Sitting here reading the bitches and complaints from those who really don’t like it when Americans exercise their rights to protest. My conclusion is that there can be a million person march against racism and if one guy sets fire to a garbage can the bitchers and moaners instantly label the whole event a riot of morons, goons, and unpatriotic thugs.

Anyway it got me thinking about an anti-war protest I took part in back in the 60s. It went without incident but many of the protest marches and demonstrations of that era didn’t. Especially following the killing of four students at Kent State in Ohio. Cal-State Fullerton, where I was just finishing my degree, wasn’t immune from it.

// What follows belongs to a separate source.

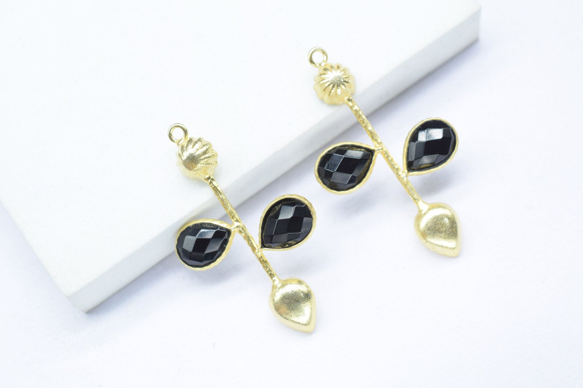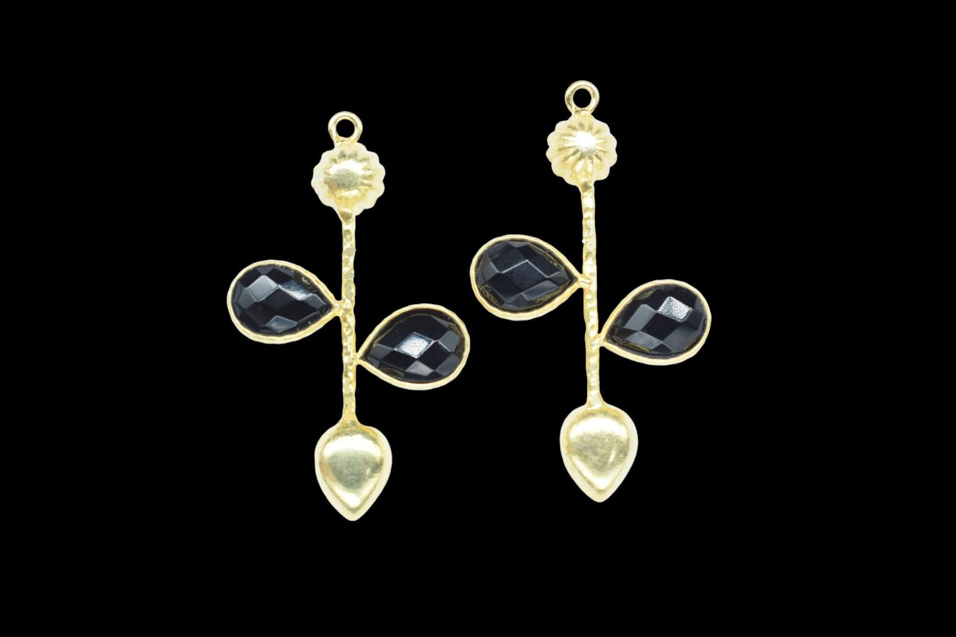 Black Onyx Teardrop Faceted Bezel Connector,Black Onyx Earring Connector,Jewelery Supply,Black Onyx Pendant Charms,Designer Pendants,B'Gifts

Most were peaceful but one, on February 9, 1970, turned ugly.

Ronald Reagan, the not very popular governor of California, was speaking on Cal-State Fullerton’s campus and was heckled off the stage by a group of students, one of which was a five-year old boy who flipped Reagan a classic bird.

Things got bad when the TV video was previewed, protesters given a name, and disciplinary actions levied. Several were expelled from school and as word spread tensions reached a breaking point and a bunch of students took control of the administration building. That brought in the police and the riot squads.

I was teaching at a local high school and finishing up my degree at the time. I had enough to lose that I chose to stay away. Plus, I wasn’t interested in violent protest. I’m still not but I did, and still do, understand the frustration that drives people to violence.

As a footnote I might mention that this particular series of events began with Ronald Reagan’s efforts to undo former governor, Pat Brown’s, Master Plan for Higher Education. The plan had gone into effect in the early 1960s and among many things, it provided tuition free education at the state’s junior colleges, state colleges, and state universities. Conservative Reagan just couldn’t swallow that pill.

I graduated from Cal-State Fullerton with the class of 1969 and my degree is signed by Ronald Reagan. I disliked the man so much that I’ve never hung my degree in public. To this day it rest in a stack of other certificates, diplomas, and documents on a shelf in the deepest, darkest, dampest, dankest, recesses of my basement.